Tensors can also be defined by lists and by numpy arrays.

import numpy as np

listTensor = torch.Tensor([[1, 2, 3],
                           [4, 5, 6]])
display(listTensor)

numpyArray = np.random.rand(2, 3)
display(torch.from_numpy(numpyArray))
Tensor Type: torch.FloatTensor
Tensor Size: torch.Size([2, 3])
Values: 
tensor([[1., 2., 3.],
        [4., 5., 6.]])
Tensor Type: torch.DoubleTensor
Tensor Size: torch.Size([2, 3])
Values: 
tensor([[0.2463, 0.6978, 0.6044],
        [0.7769, 0.3949, 0.9071]], dtype=torch.float64)

Tensor Types and Size

Just like numerical values, Tensor’s can also vary in their types which include float (the default), long, double, etc.

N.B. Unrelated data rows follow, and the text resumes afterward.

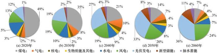 圖2 各類型電源裝機容量(2020—2060年)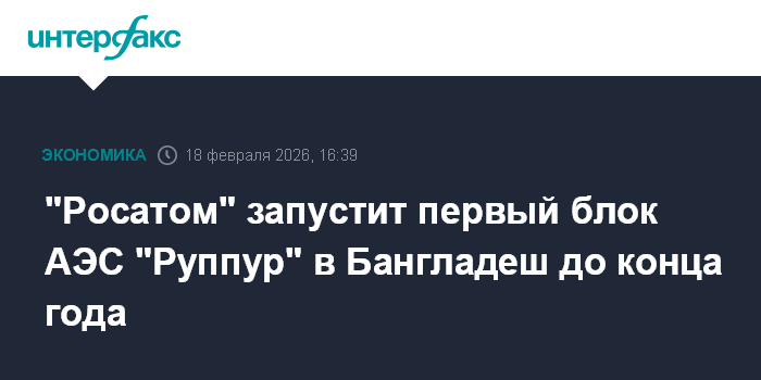 Москва. 18 февраля. INTERFAX.RU - "Росатом" приближается к началу пусковых работ на АЭС "Руппур" в Бангладеш, ввод в эксплуатацию первого энергоблока планируется до конца 2026 года, рассказал изданию "Страна Росатом" гендиректор госкорпорации Алексей Лихачев.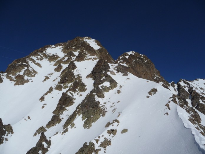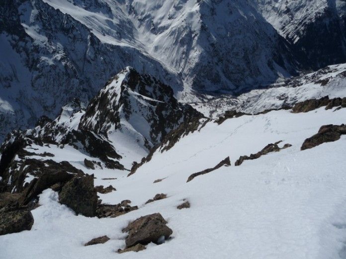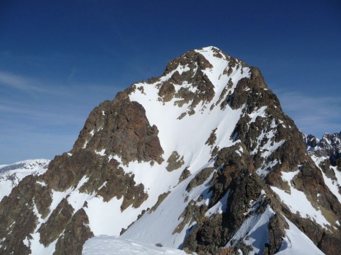 Tout est transfo stable, seulement 5 cm de poudre dans le couloir Sud final, mais après 2 virages, tout est en bas ! Malgré la chaleur, aucune coulée observée, même en versant Est vers le Pic de Valsenestre.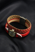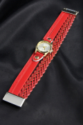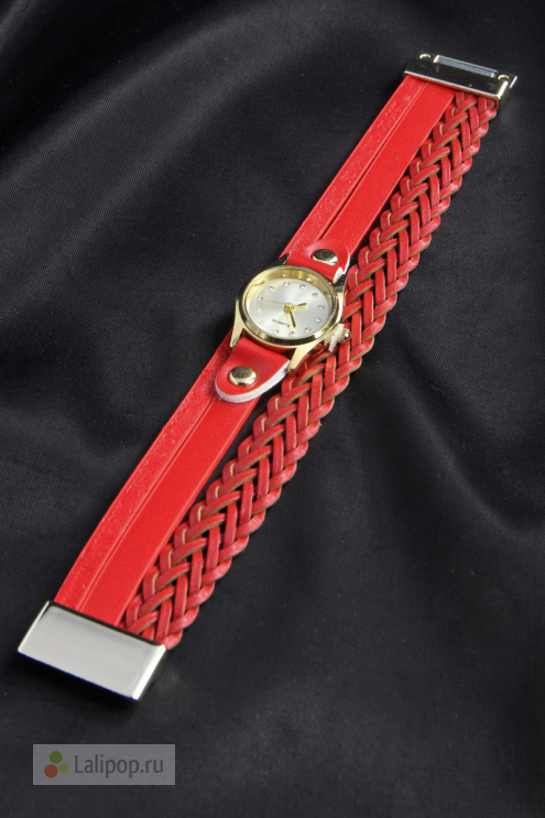 Браслет - часы выполнен из искусственной кожи красного цвета.. Металл золотого цвета.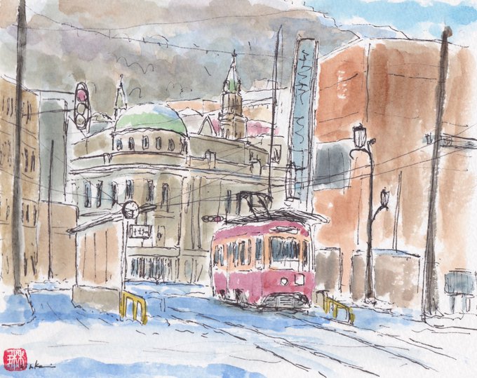 「雪の十字街(函館)」 秋に描いた十字街。雪でその時とは一変した風景にワクワクしながら描いた。(水彩F0) #スケッチ #函館 #水彩画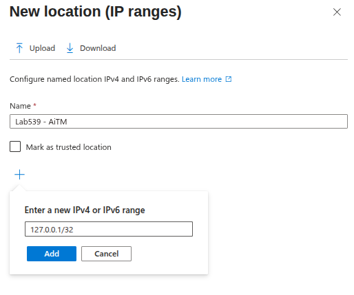 You should name your named location according to which feed it is consuming. For example if you are consuming the AiTM feed you should name it “Lab539 - AiTM”. Current options are shown in the table below: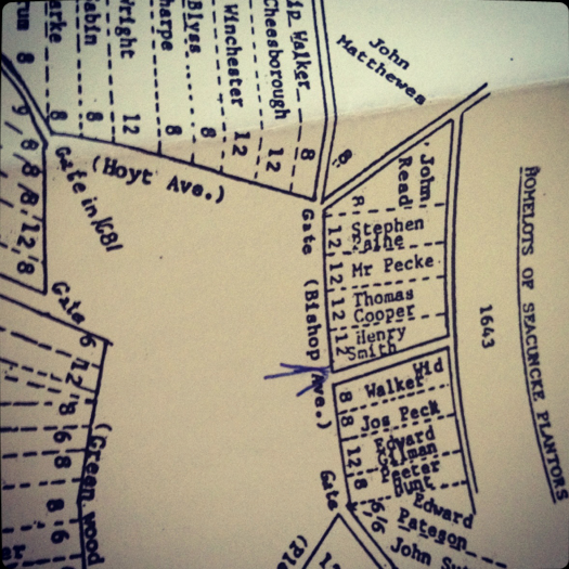 Once through the snow-sun-squall, we set off to finally find our Smith land! I held my new iPhone 4s GPS map against the blurry wiggly one dated 1643 and got ourselves to the precise location on Bishop Ave. where he settled at the " the Ring of the Green ", after it was freshly purchased from chief Massasoit , part of the Bay Colony in 1643. We were a little saddened, but as expected, nothing still existed to shout out the historical importance of this place. (It was a defunct bakery, which only amplified sadness....nary a cookie in sight!)
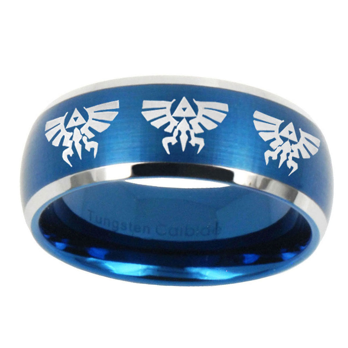 10mm Multiple Zelda Skyward Sword Dome Brushed Blue 2 Tone Tungsten Men's Ring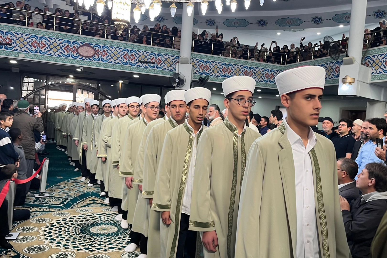 Açılış konuşmalarının ardından tekbirler eşliğinde davetlilerin huzuruna çıkan 60 öğrenci icazet aldı.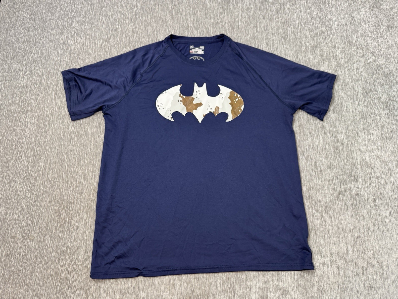 Under Armour Batman Shirt Men Large Navy Loose Alter Ego Camo HeatGear Military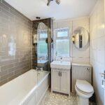 With a reffited three piece white suite with low level encased w.c, matching vanity wash hand basin with cupboard below and central chrome waterfall mixer tap, panelled bath with glazed shower screen, matching chrome waterfall mixer tap, electric shower over bath, grey brick bond style porcelain tiles to floor and walls, heated chrome towel, extractor fan, ceiling spot light, fitted vanity unit with mirror.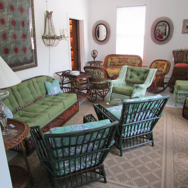 On the second floor of the Dawn Hill Antiques building is  Upstairs Antiques which consists of Antique Wicker, Glenn Allard of Patina, John Peden and the Nemati Collection.   The upper  rooms are filled with gleaming brass and polished copper, a room showcasing gorgeous wicker furniture, and other spaces displaying different kinds of unique finds.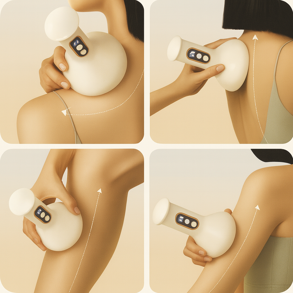 This device is designed to move smoothly along the natural lines of your body, helping release tension exactly where it builds up. The curved shape fits well against the shoulders, arms, and lower back, making each stroke feel comfortable and controlled. You can guide it in simple upward or outward motions to relax tight muscles quickly. It is an easy way to enjoy focused muscle relief anytime you need it.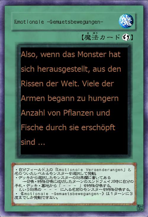 ・自分フィールド上の「Emotionale Veraenderungen」と名のついたレベル4モンスターを選択して発動。〇・デッキから選択したモンスターの効果欄に書いてある〇 →召喚・特殊召喚に成功したターンのエンドフェイズ時に自分の手札・デッキ・墓地から「 - - - 」を特殊召喚する。〇 という効果の - - - に入る名前のモンスターを特殊召喚する。〇・《Emotionale -Gemuetsbewegungen-》は1ターンに3度までしか発動できない。 |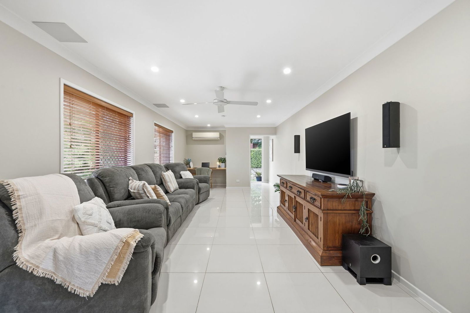 - Large living area with security screens, air conditioning and study nook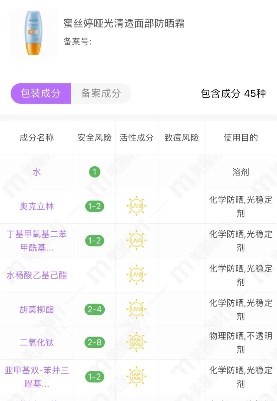 * “麥色濾是全波長UV防曬隔離系統,其下的兩個隔離防曬成分Mexoryl®、SX與Mexoryl®;XL的協同使用能夠形成強大的紫外線的過濾系統,有效阻擋UVA及UVB。” —— 百度百科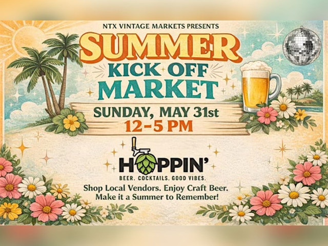 Start the season with sunshine, shopping, and good vibes at our Summer Kick Off Market! Join us on Sunday, May 31st from 12–5 PM for an afternoon of supporting local vendors, sipping craft beer, and soaking up the energy of a laid-back summer day. Enjoy: • Local vendors & small businesses • Unique finds, handmade goods & boutique items • Craft beer, cocktails & refreshing drinks • A fun, social atmosphere with great music and summer vibes 📍Hoppin’ Grapevine- 3540 Grapevine Mills Blvd. N. Grapevine, TX 🗓 Sunday, May 31st ⏰ 12–5 PM Free to attend | Family-friendly Shop local, grab a drink, and make it a summer to remember!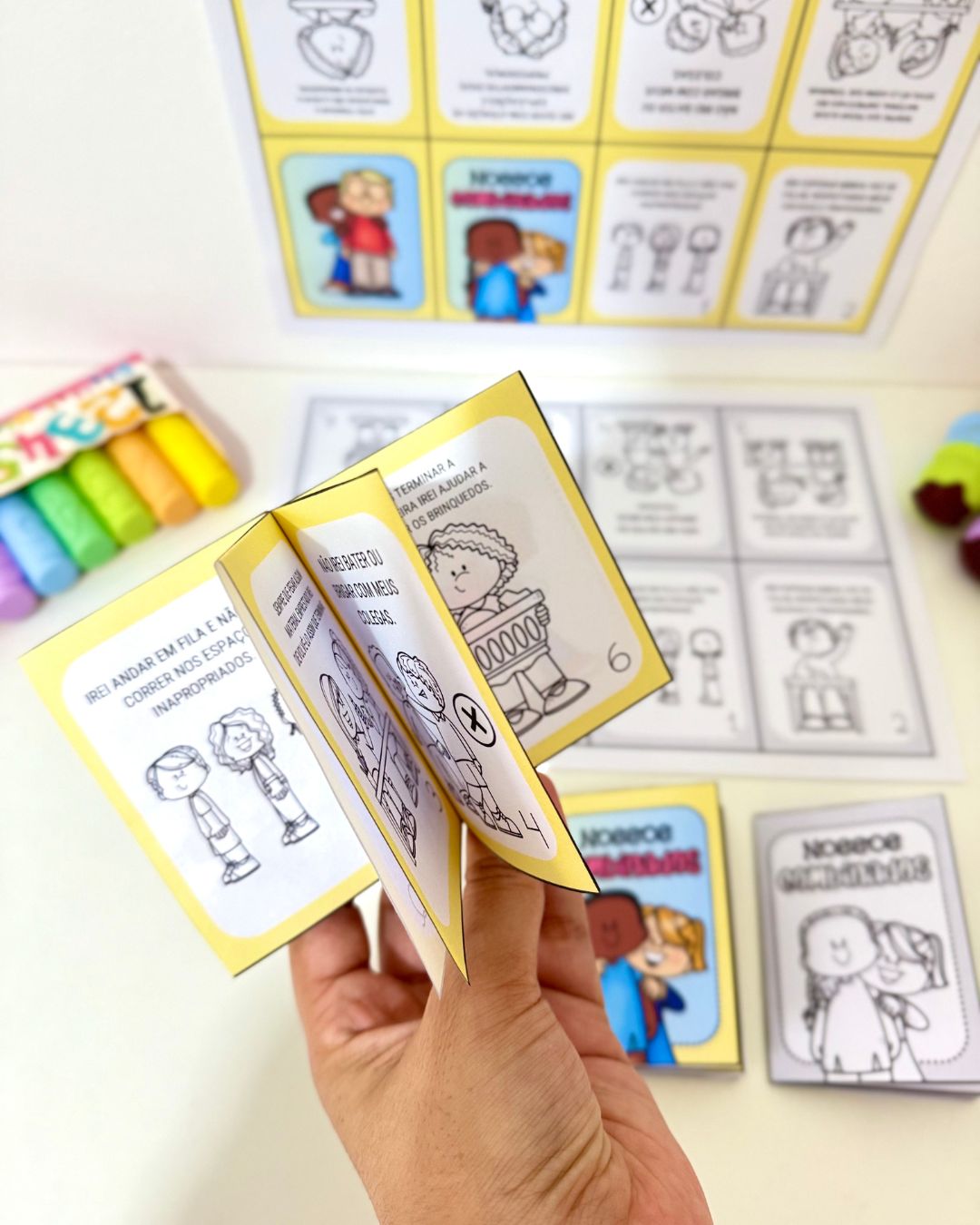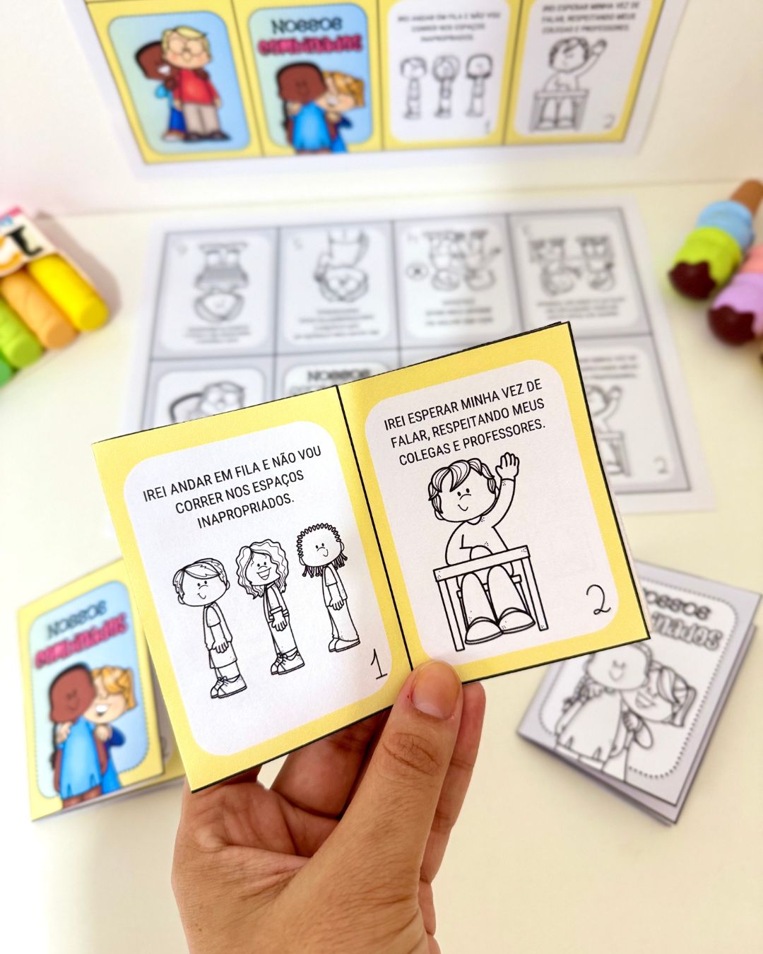 Vai com a capa na opção colorida e para colorir, e utiliza apenas 1 folha A4 para montar cada livrinho.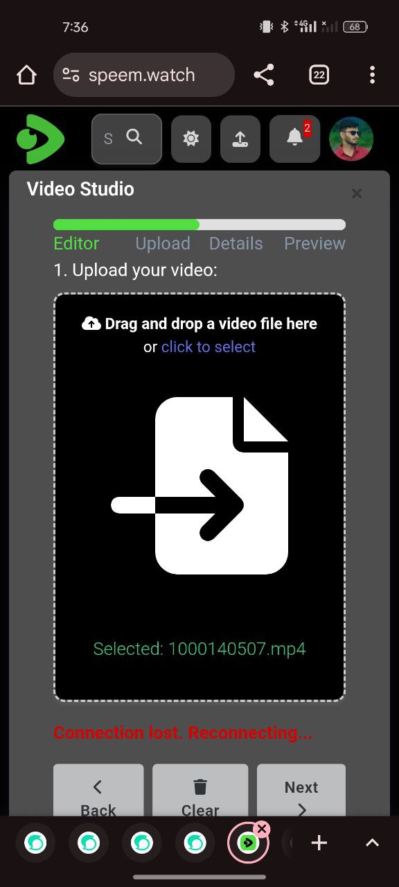 We have been constantly working and monitoring the behavior of video uploads to IPFS. Several users have reported a cut in the rise after a certain time. We applied changes to our server to maximize the disconnection time of the request, however this did not fully solve the problem.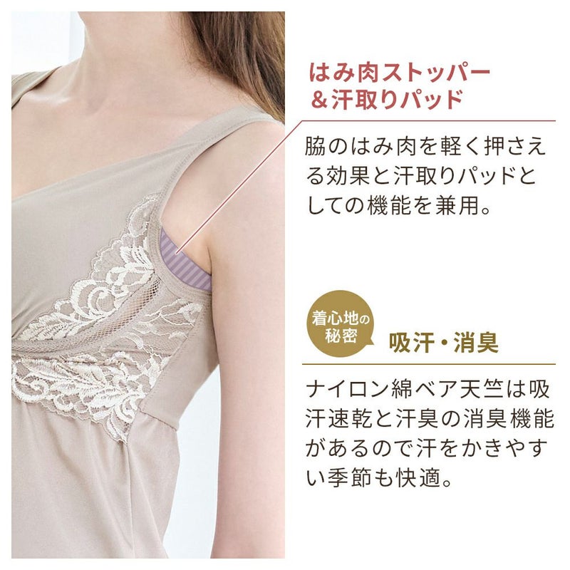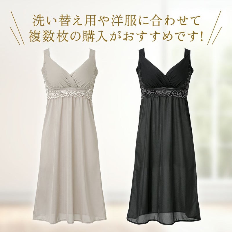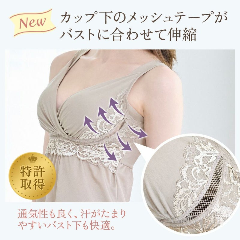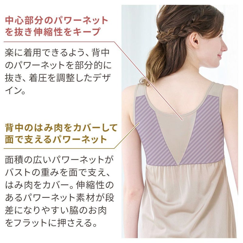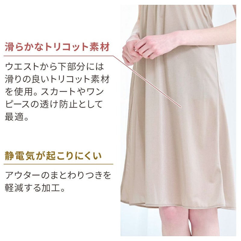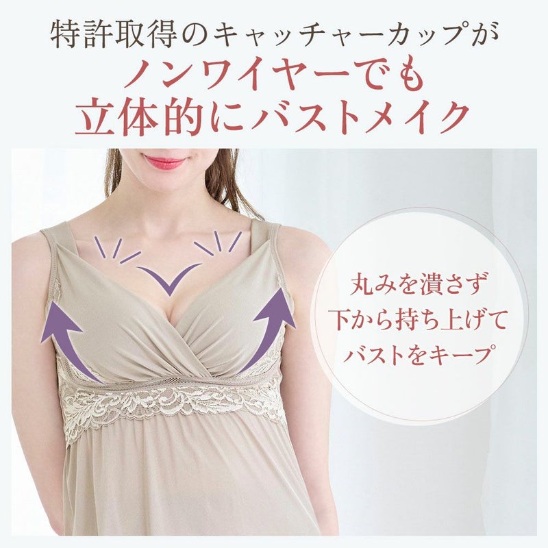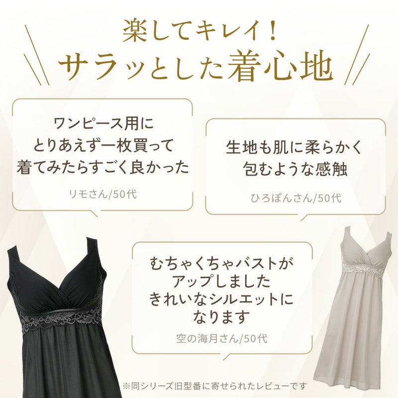 QVC商品名:BRNYピース 綿混キャッチャーカップブラスリップ 美胸シルエットを実現するオリジナルパターンのノンワイヤーブラスリップです。ワイヤーブラのような寄せ上げ効果の高いオリジナルの立体設計ブラパターンを採用し、柔らかなフィット感で、楽な着心地とバストアップ機能を両立します。 バストを立体的に包み込むモールド加工を施した『キャッチャーカップ』は、カップの三本の縦ラインがバストをキャッチして立体的に馴染み、自然で美しいバストラインを作ります。さらにモールドカップ上辺に付けたカーブのハートラインが、バストにあたる食い込みや浮きを軽減します。モールドカップは一体型なので安定感があり、バストをしっかりとホールドします。 身生地は360度によく伸びる優しい肌当たりの綿混素材"ナイロン綿ベア天竺"を使用し、柔らかなフィット感で体の動きに馴染みやすく、毛玉になりにくいのも魅力です。また、接触冷感機能に加えて吸汗性があり、汗臭(アンモニア、酢酸、イソ吉草酸)の消臭機能も備えています。洗濯ネームはカップ内側に縫い付け、直接当たらず優しい肌当たりです。 ウエストから下部分には滑りの良いトリコット素材を使用しました。長めのスカートやワンピースも透けにくいよう、膝まである長めの丈設定に。静電気が起こりにくい加工を施しているので、アウターのまとわりつきを軽減します。 アンダー下で切り替えたパターンで、ゆるやかに自然に広がるAラインシルエットがボディラインを綺麗にカバーします。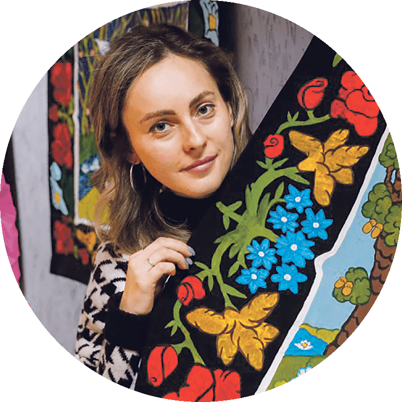Эта талантливая горожанка известна своими рисованными коврами, росписью по стеклу, работами в жанре «вытинанка», коллекциями дизайнерских аксессуаров и пасхальных яиц, а также проектами по возрождению традиционных обрядов и костюмов Клецкого района.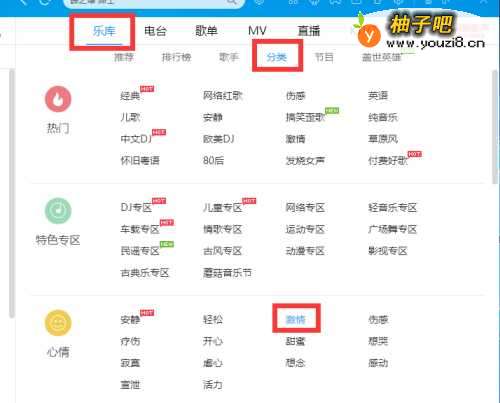 2在“音乐库”界面中,依次切换到“乐库”-“分类”栏目,在“心情”子栏目中找到“激情”按钮点击进入。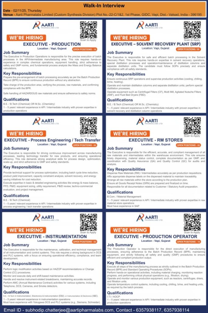 Aarti Pharmalabs Ltd – Walk-In Interviews for Multiple Departments on 2nd November 2025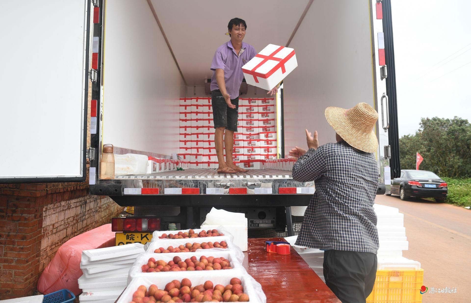 徐闻县迈陈镇荔枝收购点,工人将荔枝装入冷链车。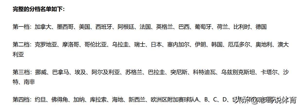 完整的抽签结果如图所示。根据赛程安排,小组赛将于明年6月11日开始,至6月27日结束;淘汰赛阶段随即开始,决赛定于7月19日举行。比赛时间将跨越一个多月。对于中国球迷来说,由于时差的缘故,观看比赛相对更为友好,至少不用熬夜观看了。返回搜狐,查看更多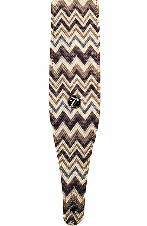 Vorson Linen Fabric Guitar Strap in Grey/Brown Zig Zag Pattern

This can be changed by calling the specific Tensor type’s constructor or through torch.tensor() and passing the wanted data type.

display(listTensor)

listTensor = listTensor.long()
display(listTensor)

listIntTensor = torch.tensor([[1, 2, 3],
                             [4, 5, 6]], dtype=torch.int64)
display(listIntTensor)

listIntTensor = listIntTensor.double()
display(listIntTensor)
Tensor Type: torch.FloatTensor
Tensor Size: torch.Size([2, 3])
Values: 
tensor([[1., 2., 3.],
        [4., 5., 6.]])
Tensor Type: torch.LongTensor
Tensor Size: torch.Size([2, 3])
Values: 
tensor([[1, 2, 3],
        [4, 5, 6]])
Tensor Type: torch.LongTensor
Tensor Size: torch.Size([2, 3])
Values: 
tensor([[1, 2, 3],
        [4, 5, 6]])
Tensor Type: torch.DoubleTensor
Tensor Size: torch.Size([2, 3])
Values: 
tensor([[1., 2., 3.],
        [4., 5., 6.]], dtype=torch.float64)

Tensor Operations

Just like many data structures, the +,-,/,* operations work as well as .add().

listTensor = torch.Tensor([[1, 2, 3],
                           [4, 5, 6]])
display(listTensor)

display(listTensor*3) # Multiply all values by 3

display(listTensor+listTensor) # Add it to itself

display(torch.add(listTensor,listTensor)) # Add it to itself using torch.add()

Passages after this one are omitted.